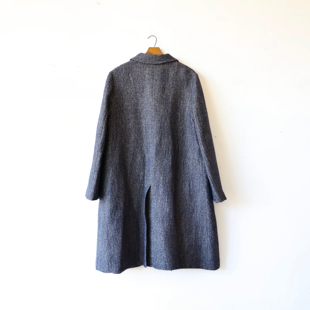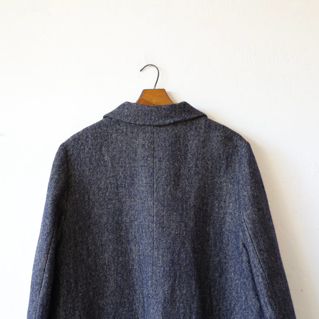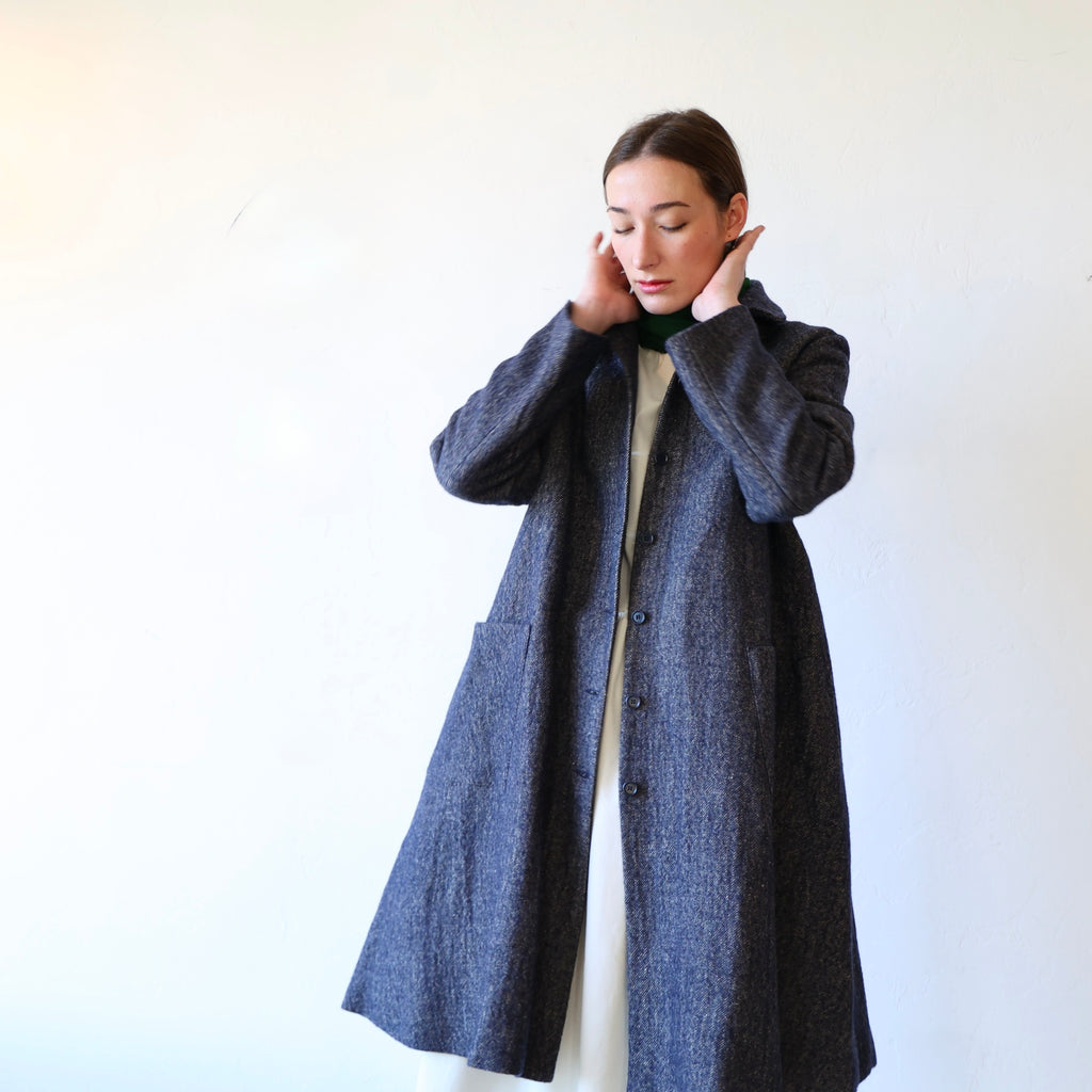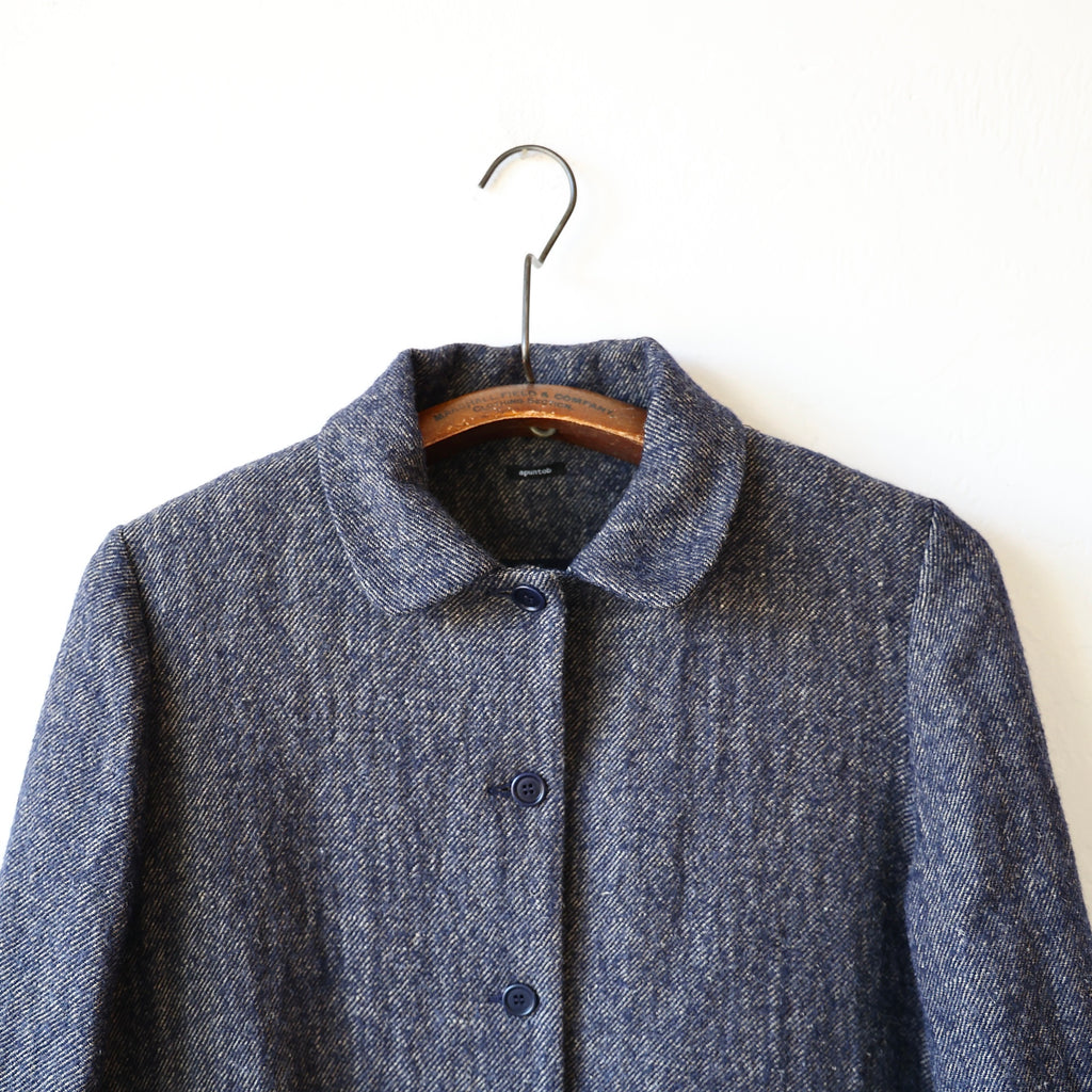 A gorgeous coat, made of a blue/cream variegated hemp & wool blend. The combination of the cream and navy gives it a really wonderful organic feel. It has a beautiful fit and a sophisticated feel while also being an easy, every day piece! This has a slightly rounded collar, buttons down the front, and a center back seam with a vent. There are two front patch pockets... so handy for your keys, phone, you name it! It's lined with a solid navy light cotton. It's also fun to wear this with the sleeves folded up to show the lining a bit. This is quite the beauty, and this hemp/wool combination feels so special and unique.
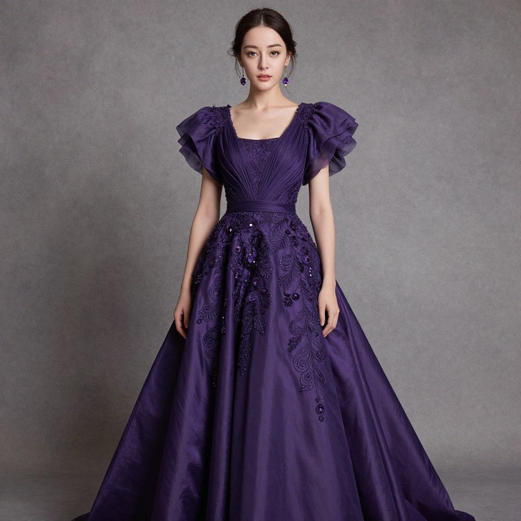 Photograph of an Asian woman with fair skin and dark hair, styled in an elegant updo, standing against a gray textured background. She wears a full-length, deep purple satin gown with puffed short sleeves and a fitted bodice adorned with intricate floral embroidery. The gown has a voluminous skirt that flares out. She accessorizes with dangling blue earrings. Her expression is neutral, and she stands with her arms relaxed by her sides. The overall style is formal and sophisticated, with a focus on luxurious fabric and detailed embroidery.
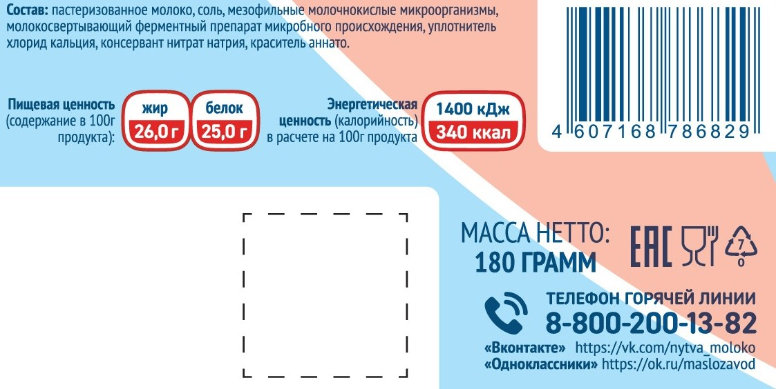 Пастеризованное молоко; соль; мезофильные молочнокислые микроорганизмы; молокосвертывающий ферментный препарат микробного происхождения; уплотнитель хлорид кальция; консервант нитрат натрия; краситель аннато.
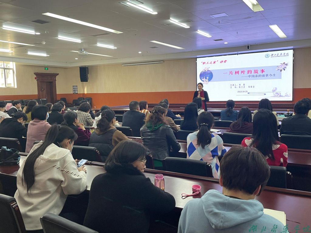 本网讯(通讯员 柯琴)4月25日下午,校工会、妇委会“职工之家”讲堂之《一片树叶的故事—中国茶的前世今生》茶艺文化知识讲座在科教楼多功能厅开讲,200余名教职工前来聆听讲座。讲座邀请了我校优秀校友、国家一级茶艺技师何俊主讲,校工会副主席、妇委会副主任魏燕主持。
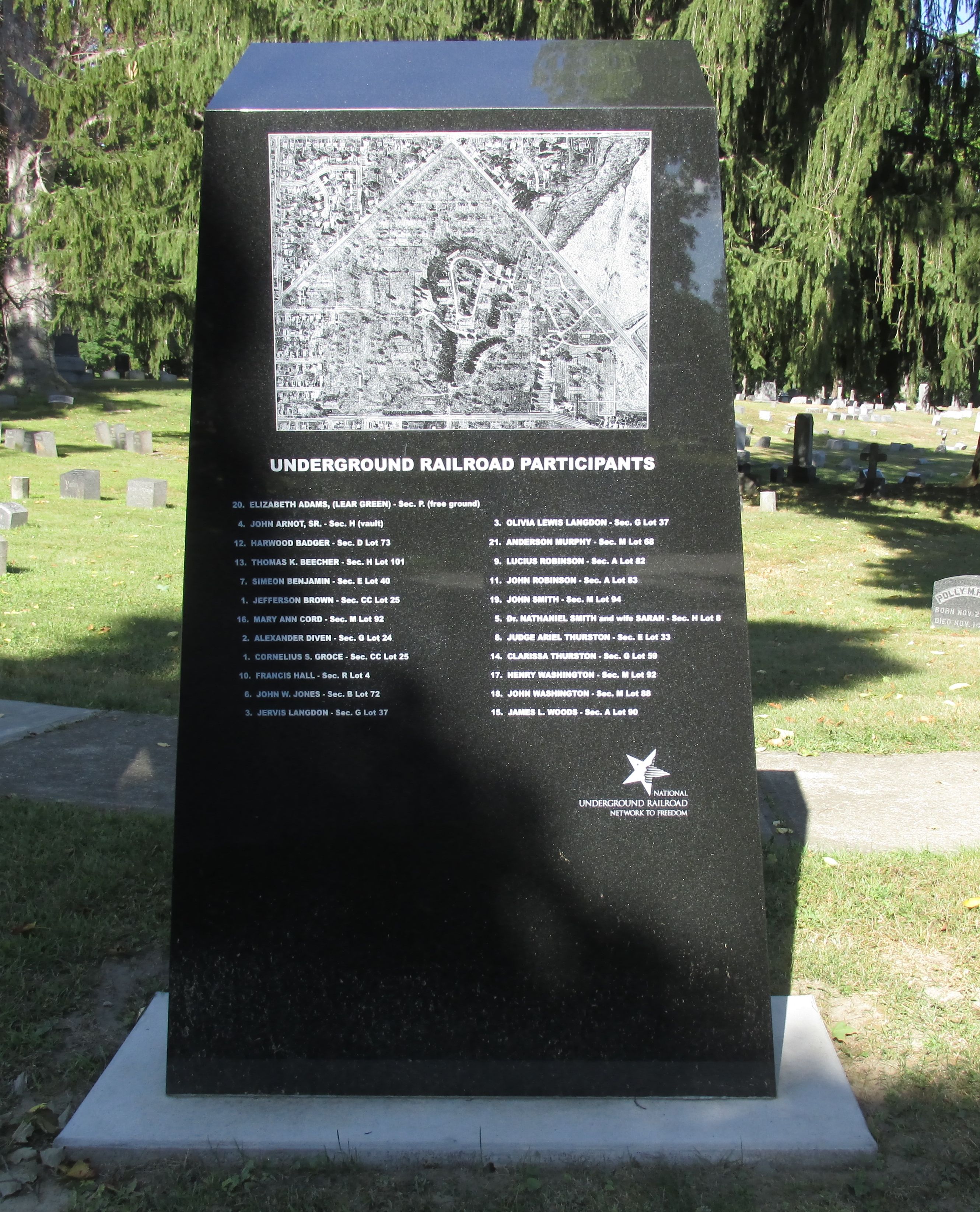 I looped back to the main road of the cemetery, still looking for a map or for more signs. I found this memorial to the participants of the Underground Railroad.
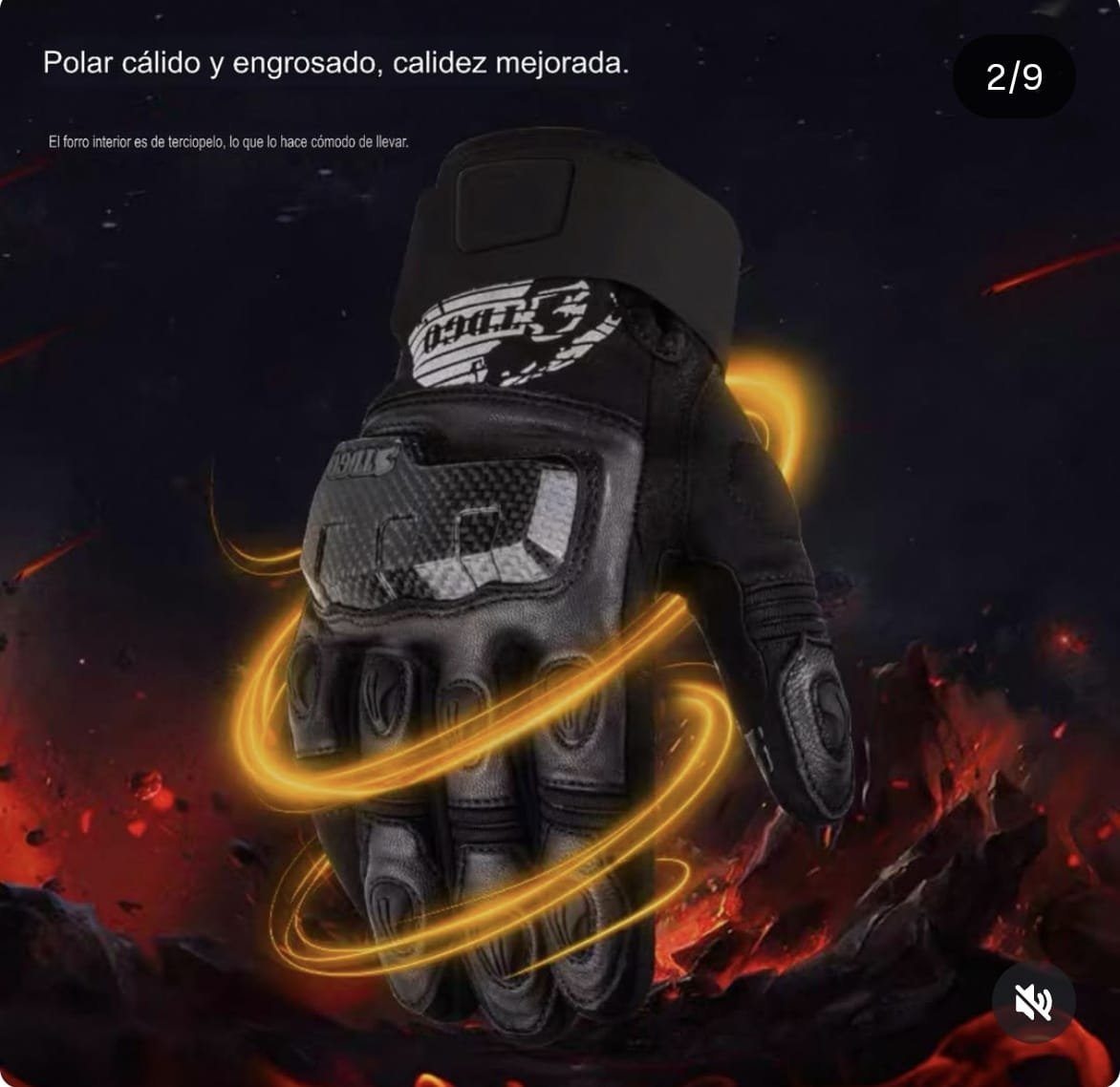 Guantes de cuero natural para moto TDGO resistentes al agua y Aptos para pantalla táctil . Proteger fibra carbono Talles L y XL

* **About this task**
With all pictures omitted, repeat every record above word for word.

* **Answer section**
 A gorgeous coat, made of a blue/cream variegated hemp & wool blend. The combination of the cream and navy gives it a really wonderful organic feel. It has a beautiful fit and a sophisticated feel while also being an easy, every day piece! This has a slightly rounded collar, buttons down the front, and a center back seam with a vent. There are two front patch pockets... so handy for your keys, phone, you name it! It's lined with a solid navy light cotton. It's also fun to wear this with the sleeves folded up to show the lining a bit. This is quite the beauty, and this hemp/wool combination feels so special and unique.
 Photograph of an Asian woman with fair skin and dark hair, styled in an elegant updo, standing against a gray textured background. She wears a full-length, deep purple satin gown with puffed short sleeves and a fitted bodice adorned with intricate floral embroidery. The gown has a voluminous skirt that flares out. She accessorizes with dangling blue earrings. Her expression is neutral, and she stands with her arms relaxed by her sides. The overall style is formal and sophisticated, with a focus on luxurious fabric and detailed embroidery.
 Пастеризованное молоко; соль; мезофильные молочнокислые микроорганизмы; молокосвертывающий ферментный препарат микробного происхождения; уплотнитель хлорид кальция; консервант нитрат натрия; краситель аннато.
 本网讯(通讯员 柯琴)4月25日下午,校工会、妇委会“职工之家”讲堂之《一片树叶的故事—中国茶的前世今生》茶艺文化知识讲座在科教楼多功能厅开讲,200余名教职工前来聆听讲座。讲座邀请了我校优秀校友、国家一级茶艺技师何俊主讲,校工会副主席、妇委会副主任魏燕主持。
 I looped back to the main road of the cemetery, still looking for a map or for more signs. I found this memorial to the participants of the Underground Railroad.
 Guantes de cuero natural para moto TDGO resistentes al agua y Aptos para pantalla táctil . Proteger fibra carbono Talles L y XL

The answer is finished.